1. Continuação da leitura do livro "Panteras à solta: No sul da Guiné uma companhia de tropas nativas defende a soberania de Portugal", de Manuel Andrezo, edição de autor, s/l, s/d [c. 2010/2020] , 445 pp. , il. [ Manuel Andrezo é o pseudónimo literário do ten gen ref Aurélio Manuel Trindade, ex-cap inf, 4ª CCAÇ / CCAÇ 6, Bedanda, jul 1965/jul 67, exemplar gentilmente facultado, a título de empréstimo, pelo cor inf ref Mário Arada Pinheiro] (*)
Embora o sargento não seja identificado pelo nome, deve tratar-se do 2º Sargento Mecânico Auto Rodolfo Valentim Oliveira, natural de Tavira, morto em 11 de agosto de 1965, um mês depois do Cap Inf Aurélio Manuel Trindade ter chegado a Bedanda.
Segundo o nosso coeditor e colaborador permanente Jorge Araújo, terá sido o 3º sargento a morrer no CTIG, de um total de 54 (**).
Escreve o autor do livro que temos vindo a citar:
(...) "Morreu em combate o sargento mecânico, um técnico excelente e um bom homem" (pág. 313).
O Manuel Andrezo (aliás.
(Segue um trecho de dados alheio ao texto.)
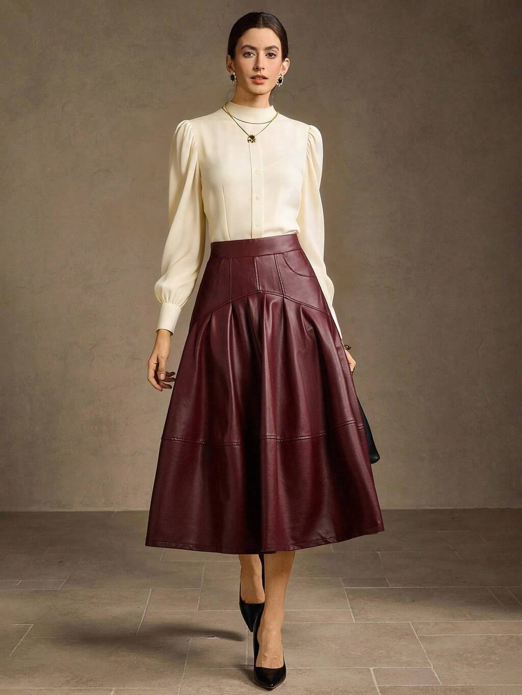 WOMEN'S ENCORE RED PU LEATHER PLEATED A-LINE SKIRT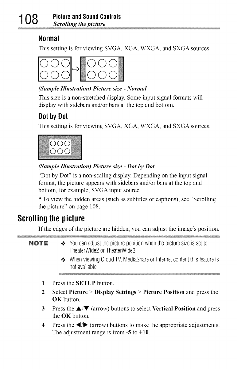 ¢ IfyouselectaTheaterWide®picturesize,thetopandbottomedgesof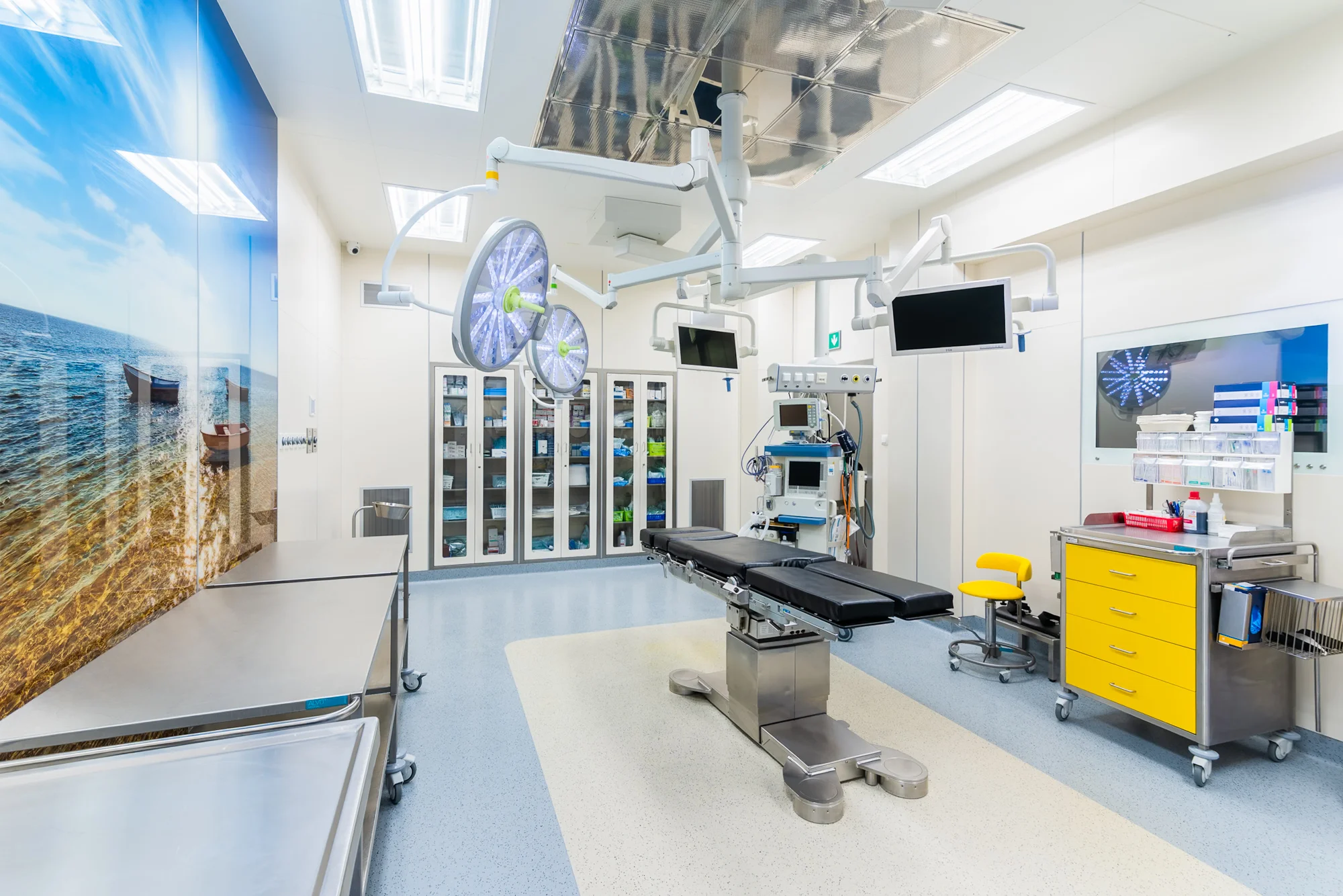 Przestrzenie medyczne Luxmed w nowoczesnym stylu – sale operacyjne, korytarze, przestrzenie dla pacjentów.

Aurélio Manuel Trindade) relata a seguir, sucintamente, as circunstâncias dessa morte para depois nos dar conta das suas fortes suspeitas sobre o soldado mecânico Fernandes, possível autor ou coautor do assassínio do 2º sargento mecânico da 4ª CCAÇ.
O sargento queria melhorar as condições de trabalho da oficina auto em Bedanda. Nomeadamente, queria construir uma plataforma com rampa para lavagem e melhor observação das viaturas. Para isso precisava de madeira. Pediu autorização ao capitão para ir cortar madeira nas proximidades do quartel, a 2 km, num sítio onde o pessoal costumava ir à lenha, e onde nunca até então houvera problemas. Teve o OK do capitão, desde que levasse segurança.
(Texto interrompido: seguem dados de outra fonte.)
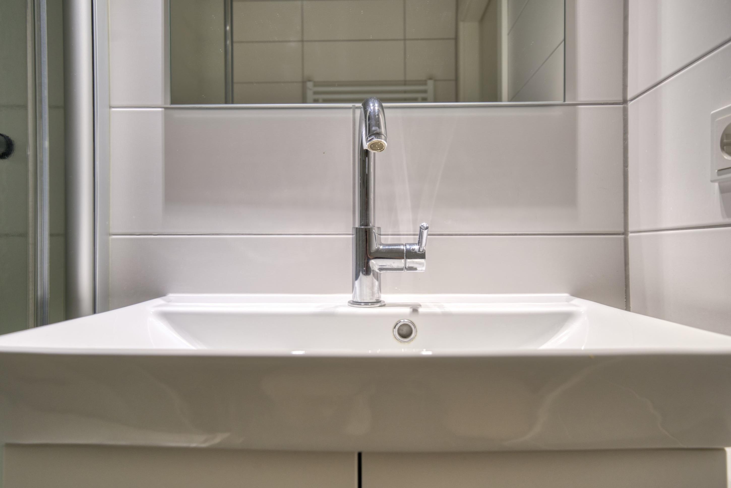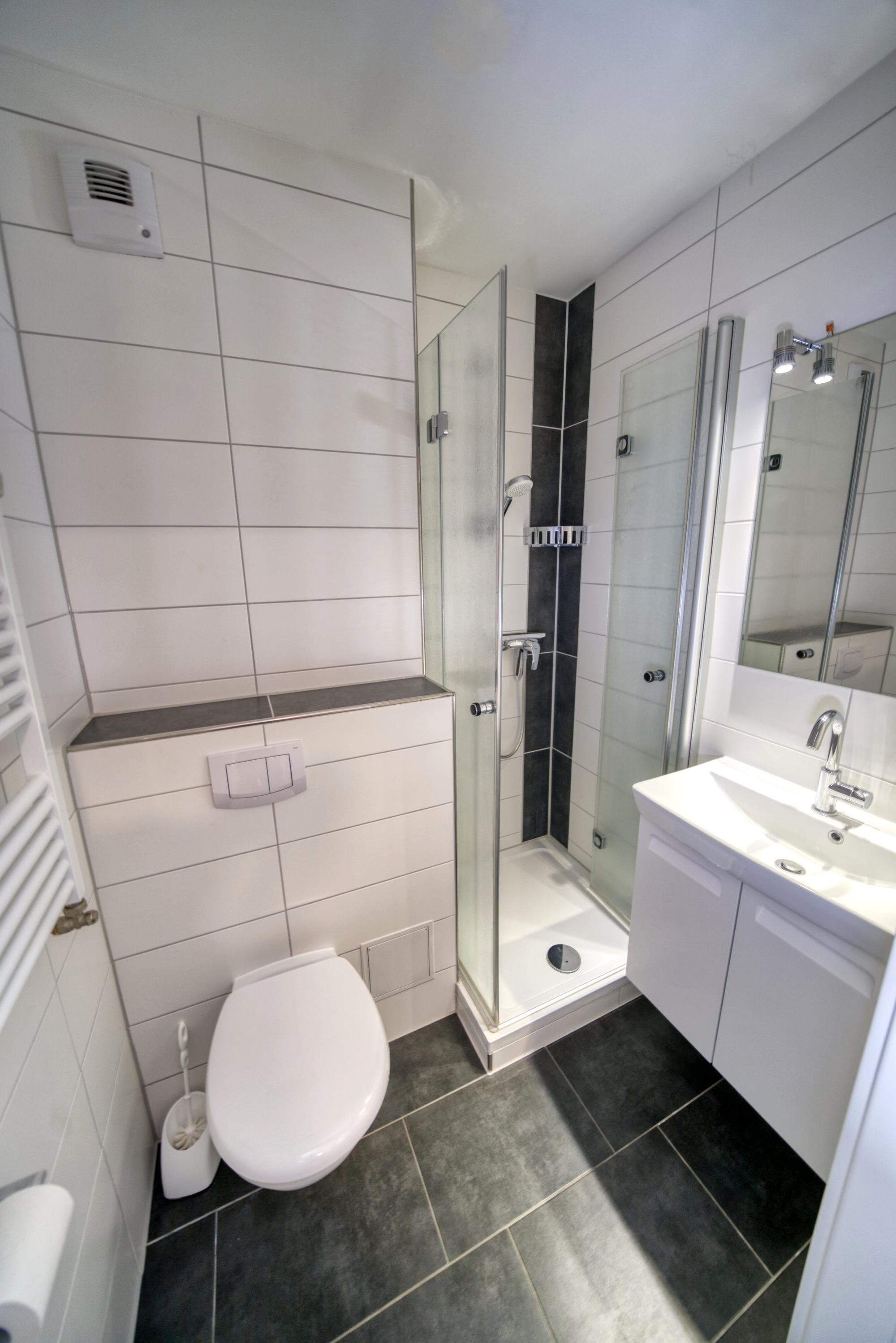modernes Bad mit Dusche, WC [&] neuen Sanitäreinrichtungen

O sargento pegou na sua secção de mecânicos e condutores. E lá foi com uma equipa de 10 homens, munidos de serra mecânica e machados, e armados (os soldados da 4ª CCAÇ na altura ainda usavam a Mauser).
Passados duas horas, ouviu-se um curto tiroteio na mata. Uma pequena força, comandanda pelo Alf Mil Carvalho, saiu do quartel a correr para ir ver o que se passava, tendo deparado então, no local, com "o sargento morto, com um tiro na cabeça, e os soldados amedrontados" (sic) (pág. 313).
A explicação dada pelos soldados é que teriam sido "surpreendidos por uns guerrilheiros na estrada Mejo-Bedanda". Reagiram aos tiros e os guerrilheiros retiraram prontamente. A única baixa fora o sargento. Não souberam explicar "quantos eram e para onde foram" os guerrilheiros, já que fora tudo muito rápido.
O Alf Mil Carvalho fez uma pequena batida na zona mas não encontrou quaisquer vestígios da presença dos guerrilheiros, nem sequer invólucros. A haver trilhos confundiam-se com os da população, das milícias e das NT. Começou por isso a ter dúvidas sobre a versão do pessoal da ferrugem. E transmitiu as suas impressões (e apreensões) ao capitão.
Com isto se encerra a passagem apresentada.